Rhetorical Answer
David Denby pans the latest Transformers in The New Yorker. I haven't seen the film, and doubt I will, but Denby's rhetorical question at the end doesn't make much sense.
In the middle of the battles, the American military, in the form of recruiting-poster scrambles in the Egyptian desert, joins the creatures in destroying the Pyramids and other temples, columns, and monoliths. It’s all a rambunctious movie lark, of course, but if you were an Egyptian wouldn’t you be a little annoyed by the casual imperial thwacking of sacred places?
The answer is no. Action films like Transformers are popular around the world, and I bet Egyptians think it's cool to see their corner of the planet take part in an inter-stellar battle. Lord knows we've seen other landmarks attacked or threatened in movies--the Statue Of Liberty, the White House, the Eiffel Tower, the Vatican and so on. It's all part of the fun. In fact, the Pyramids have already been attacked in the satirical Team America.

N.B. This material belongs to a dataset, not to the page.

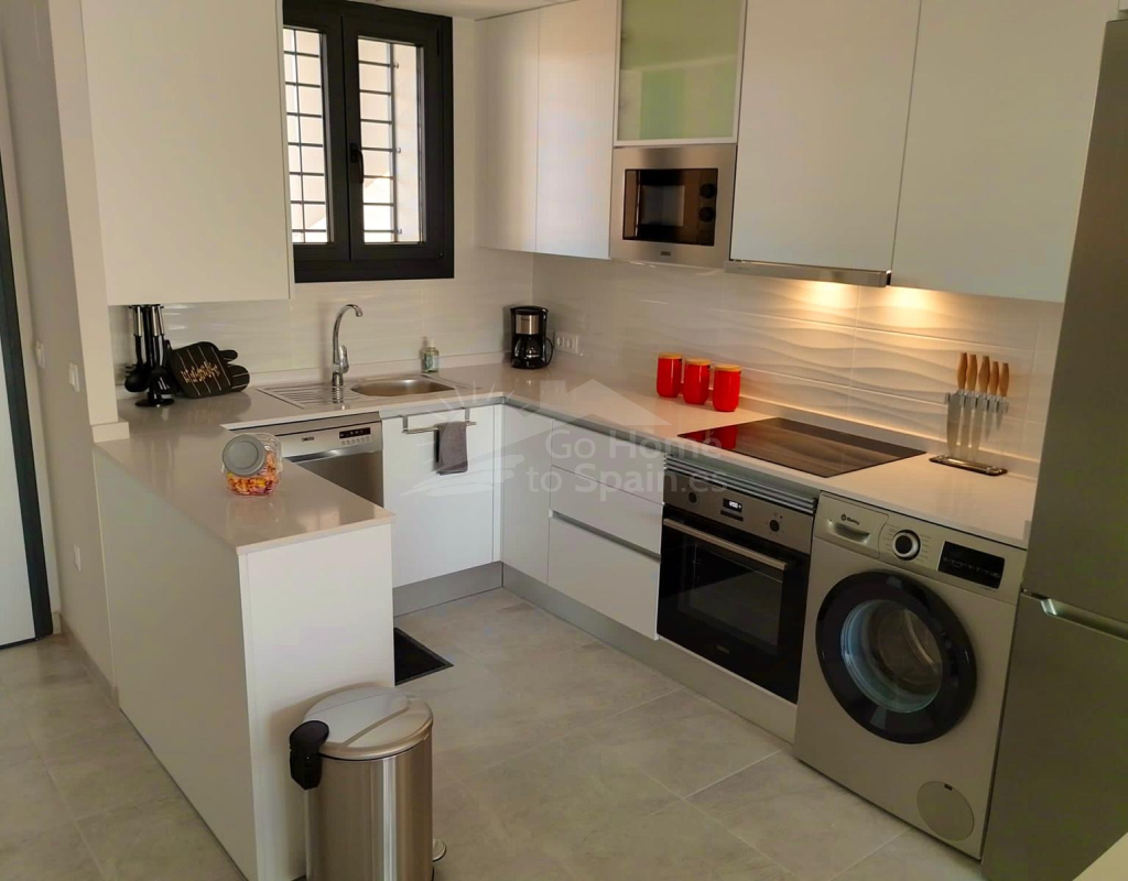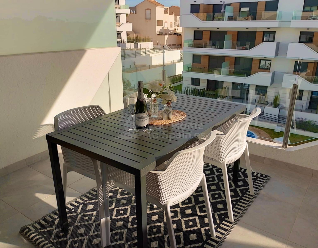Charming Apartment in Orihuela Welcome to this delightful two-bedroom apartment located in the picturesque area of Costa Blanca Sur, Orihuela. This property harmoniously combines comfort and modern living, creating a perfect retreat by the Mediterranean Sea. Inviting Living Spaces As you step inside, you'll immediately be greeted by an open and airy layout that encompasses a total built area of 70 square meters. The spacious living area is designed to provide an atmosphere of warmth and relaxation, enhanced by natural light streaming in from the large windows. The American-style kitchen seamlessly integrates with the living and dining space, making it ideal for entertaining family and friends. Comfortable Bedrooms The apartment boasts two well-appointed bedrooms, each crafted with comfort in mind. The master bedroom and guest room both offer ample space to unwind, ensuring restful nights. With two modern bathrooms, you'll find convenient access for both family members and guests, elevating the ease of daily living. Outdoor Oasis One of the standout features of this property is the generous terrace of 11 square meters. This outdoor space serves as a private oasis, perfect for enjoying morning coffee or evening relaxation while soaking up the sun and appreciating the pleasant local climate. Additionally, a charming balcony provides another outdoor spot to enjoy the fresh air. Community Amenities Your new home also features a stunning community swimming pool, an ideal place to cool off during the warmer months and socialize with neighbors. The property comes fully furnished, ensuring an effortless transition as you begin to make memories in your new abode. Practical Features This apartment is equipped with modern comforts, including air conditioning to keep you cool during the summer heat. Additional conveniences include a garage and covered parking, providing secure options for your vehicles. Energy Efficiency The property holds an energy certification of C, ensuring efficiency and environmental consideration are at the forefront of this delightful home. Location Highlights Located in the beautiful province of Alicante, Orihuela offers stunning landscapes and a vibrant local culture. The picturesque beaches, charming streets, and delicious culinary offerings make this area a sought-after destination for both residents and visitors. Experience the true essence of coastal living while enjoying the intricate blend of relaxation and leisure that Costa Blanca Sur has to offer.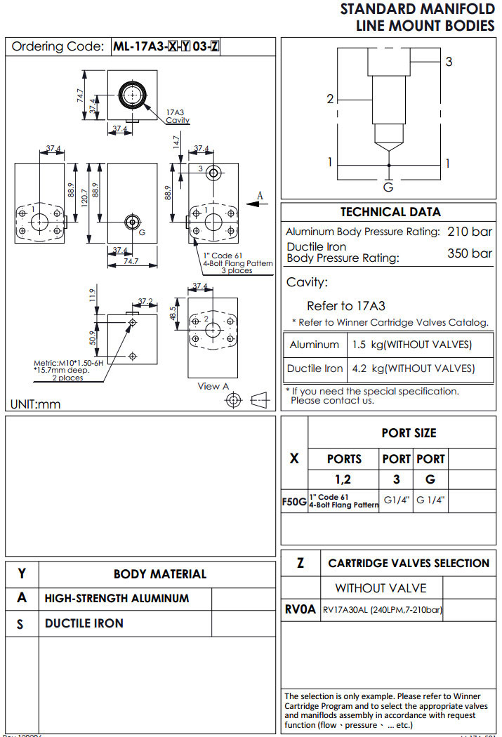 ML-17A3-F50G-A03-RV0A,ML-17A3-F50G-S03-RV0A,winner標準配管式油路板 |

Denby has been offended by the politics of action films before. That's silly enough. But does he really need to get offended on behalf of other people who can take a joke better than he can?
3 Comments:
Maybe Egyptians don't like New Yorker's telling them how to feel.
Also, the last Egyptians who considered the pyramids "sacred places" converted to Christianity 1800 years ago.
The Christians ignored the old pyramids and burned the library of magical texts. A few centuries later, the Muslims burned the main library at Alexandria. And then nobody paid any attention to the pyramids (except as a convenient place to loot old valuables) until the French arrived in 1798.
Only Western neopagans and New Agers think of the pyramids as sacred places today.
You're leaving out the story of how Napoleon saw the Sphinx was black so blew odd its nose, because everyone knows denying dark Africans any credit for greatness millenia ago was central to his campaign.